The defendants are anxious for the Feds to produce Brady material, because they can’t find any on their own.
Whoa. Thanks, Frank, for serving up a feast just in time for T-day! Can’t wait to gobble, gobble up all these pleadings with a side of your saucy remarks!
Had to Wiki “Brady” myself, may as well share:
This article is about evidence handling in U.S. criminal trials. For rules in American football, see Tom Brady § The Brady rule.
Brady disclosure consists of exculpatory or impeaching information and evidence that is material to the guilt or innocence or to the punishment of a defendant. The term comes from the U.S. Supreme Court case Brady v.
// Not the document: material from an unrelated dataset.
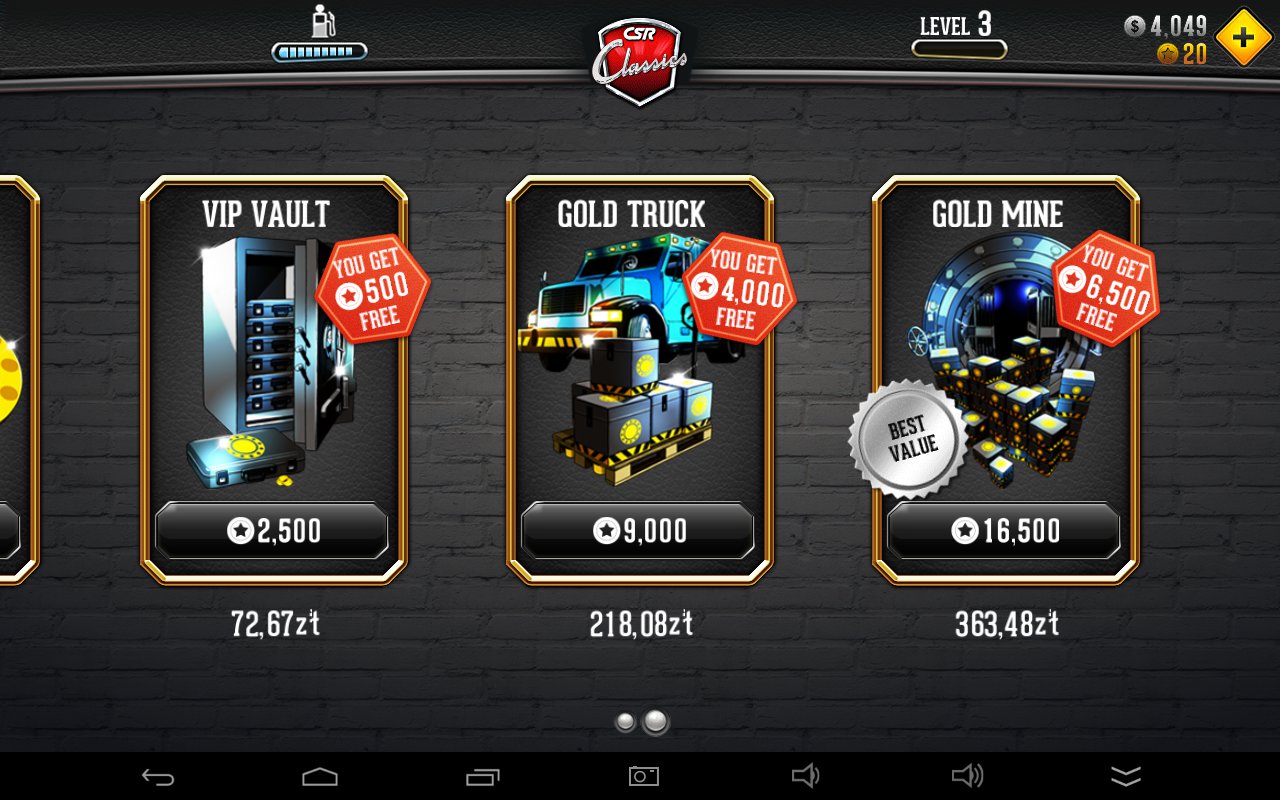 Wśród minusów umieszczam dość drogie płatności dodatkowe, choć na szczęście nie przymusowe, i fakt, że jeśli chcemy grę przejść bez wydawania pieniędzy, to w okolicach 4 tieru musimy się już nieźle, rutynowo, namęczyć. Wtedy z reguły gra zaczyna się nudzić, a na to samo cierpiała też niestety CSR Racing.

Maryland, in which the Supreme Court ruled that suppression by the prosecution of evidence favorable to a defendant who has requested it violates due process.
Following Brady, the prosecutor must disclose evidence or information that would prove the innocence of the defendant or would enable the defense to more effectively impeach the credibility of government witnesses.
The government routinely divulges Brady evidence to the defense because they don’t want to lose on appeal.
Violating Brady would be like flunking Criminal Law 101.
Brady v. Maryland was decided way back in 1963.
The Judge would merely be telling the prosecutors to do what they plan to do anyway.